Liman himself was inclined to agree with this forecast, and he deployed his army accordingly. He now had a force of sixteen small divisions (which was roughly equivalent to Hamilton’s thirteen), and three of these he posted at Bulair, three opposite the Anzac bridgehead, five at Cape Helles, and the remaining three at Kum Kale on the Asiatic side of the straits. As for the Suvla area, the British were very nearly right in their estimate of the Turkish garrison there. Liman did not consider it a danger point, and he stationed only three weak battalions — about 1,800 men — around the bay. They had no barbed wire and no machine-guns.

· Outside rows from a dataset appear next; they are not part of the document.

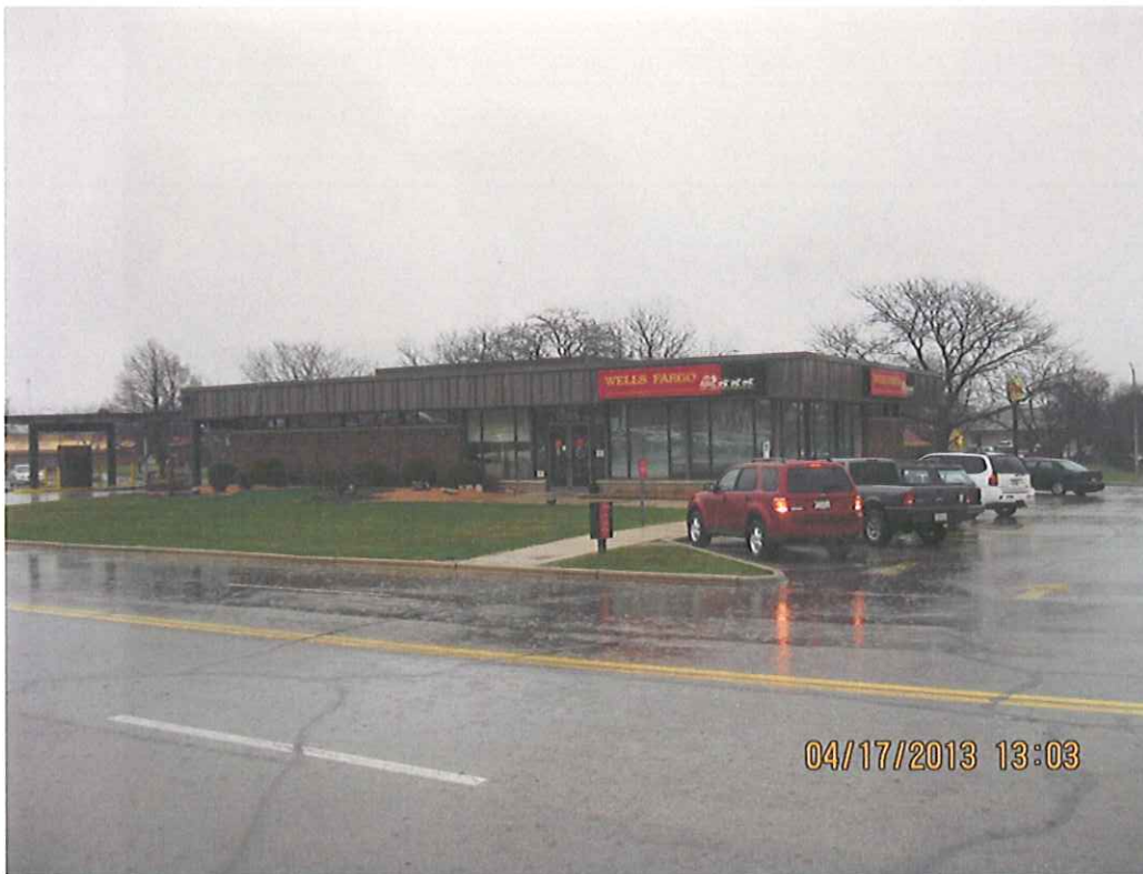
View of west side of existing building.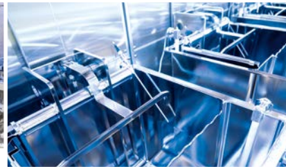
2: Cleaning and deposition of medical products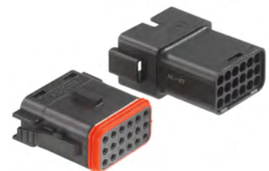
18-Circuit ML-XT™ System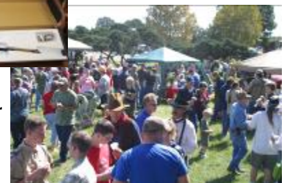
The Antlers Deer Festival crowd.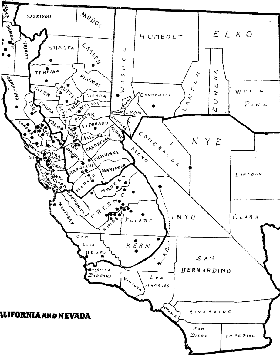
SHOWING PRESENT BOUNDARIES OF CONFERENCES

from home at such an early age. Assurance was given that it was not their intention to build up a large school with dormitory facilities for boarding students, but that such would be encouraged to attend at Lodi. It was freely expressed that the Lodi school should not be so restricted in its scope and territory that it could not be operated but at a financial loss; and to guard this feature the above was the understanding in the final settlement.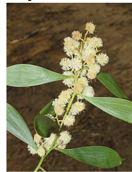
BLACKWOOD ACACIA (Acacia melanoxylon) Naturalized Perennial - Pea Family - (Feb-Mar) -Uncommon. Disturbed areas - Tree < 100' tall. Leaves simple, 0.2-1.2" wide, 3-5 main veins. Flowers pale yellow, 2-8 per head. INVASIVE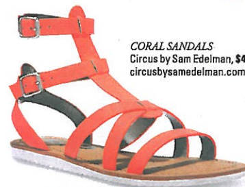
CORAL SANDALS Circus by Sam Edelman, $45, circusbysamedelman.com

Low or knee-high, the warrior look lends a tough touch to sweet dresses.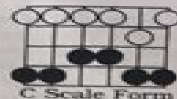
C Scale Form

There were then three main Turkish battle groups on the peninsula: the Bulair force in the north commanded by Feizi Bey, the force opposite Anzac in the centre commanded by Essad Pasha, and the southern force at Cape Helles commanded by Wehib Pasha (a younger brother of Essad Pasha). Mustafa Kemal was in a somewhat dubious position at this time. Liman respected him very much as a soldier, and would have promoted him, but he found him quarrelsome and difficult to control. A major row had developed in June when Enver, arriving on one of his periodical visits from Constantinople, cancelled an attack which Kemal had planned to launch on Anzac. Kemal, he said, was too much given to the squandering of troops, and Kemal at once resigned. Liman managed to restore peace between them, but when the attack turned out to be a complete disaster recriminations broke out afresh. Kemal declared that Enver’s interference had spoiled his plans, and Enver retaliated by making an address to the soldiers in which he praised them for the way they had fought under such poor leadership. It was another and violent example of the ‘jealousy and lack of co-operation so common among Turkish general officers’. Kemal once more resigned in a sour rage, and it was only when Enver left the peninsula that he calmed down and agreed to continue with his division — the old 19th. He was still with it on the north of the Anzac front in August, a senior divisional commander but no more.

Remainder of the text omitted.